Sterling firmer near 2-month highs, retail sales could help
* Sterling rises on BoE tightening expectations
* 10-yr UK gilts yields hold near 2-year high
* Euro/sterling weak near 1-1/2 month lows
LONDON, Aug 15 (Reuters) - Sterling rose to trade near a two-month high against the U.S. dollar and held near recent peaks against the euro on Thursday with investors positioning for further improvement in the UK economy.
Retail sales data for July is due at 0830 GMT and is forecast to pick up pace and rise 0.6 percent from a month earlier. That will come after a string of recent releases, ranging from rising house prices to a jump in services activity and a brighter prospect for the job market, cemented a view that the UK is on the path to a sustained recovery.
An improvement in consumer demand is likely to lift short term money market rates as investors bring forward expectations of when the Bank of England will start tightening policy. Currently under its "forward guidance" plan, the BoE expects to keep rates low until the end 2016 when it expects the jobless rate to fall to 7 percent.
Sterling was up 0.2 percent at $1.5535, not far from $1.5574 which is its highest level since mid-June. Against the euro it was trading flat on the day. The euro was at 85.50 pence, not far from a 1-1/2 month low of 85.28 pence struck on Wednesday.
"If the (UK retail sales) data print as expected or slightly better euro/sterling could well push lower beneath key support around 84.99 pence which is its 200-week moving average," said Peter Kinsella, strategist at Commerzbank.
Against a trade-weighted basket sterling was trading at 81.10, in sight of a seven-week high of 81.30.
The 10-year gilt yield was hovering near two-year highs of 2.657 percent, according to Reuters data.
The gap between two-year British gilt yields and German bunds was near its highest in a month with investors expecting the European Central Bank to keep policy accomodative for a longer period of time.

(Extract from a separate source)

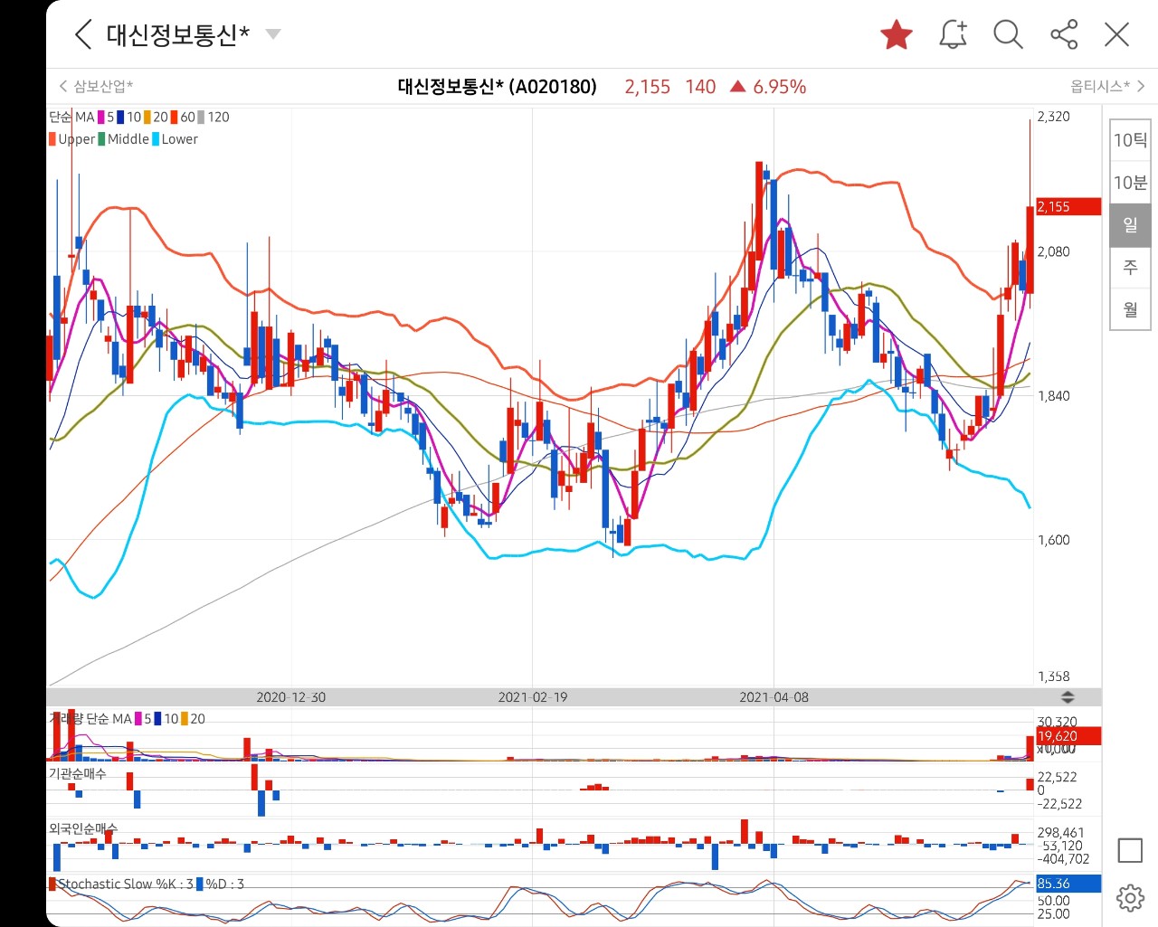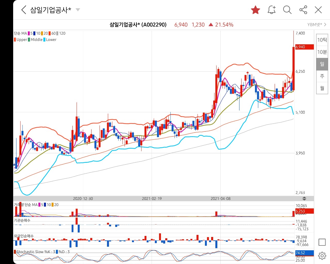 삼일기업공사 5백만주 넘게 거래량이 터지면서 21.54% 상승한 6,940원에 마감하였습니다. 대신정보통신 6.95% 상승, 서한 4.70% 상승 마감하였습니다.

Investors are, however, increasingly pricing in a greater chance of a rate hike in 2015 by the BoE. On Wednesday, the jobs report pointed to a brighter outlook while BoE minutes showed an unexpected division among policymakers on the adoption of the guidance plan.
The steady shift in expectations has taken markets' view of the BoE rate outlook back to where it was in late June, just before Mark Carney became governor. Soon after taking over on July 1, Carney dampened expectations of an early move by calling a rise in short-term money market rates "unwarranted."
"Tighter financial conditions are the last thing the Bank wants and, as such, we believe that Carney will attempt to verbally push back market pricing over the coming weeks," Morgan Stanley said in a morning note.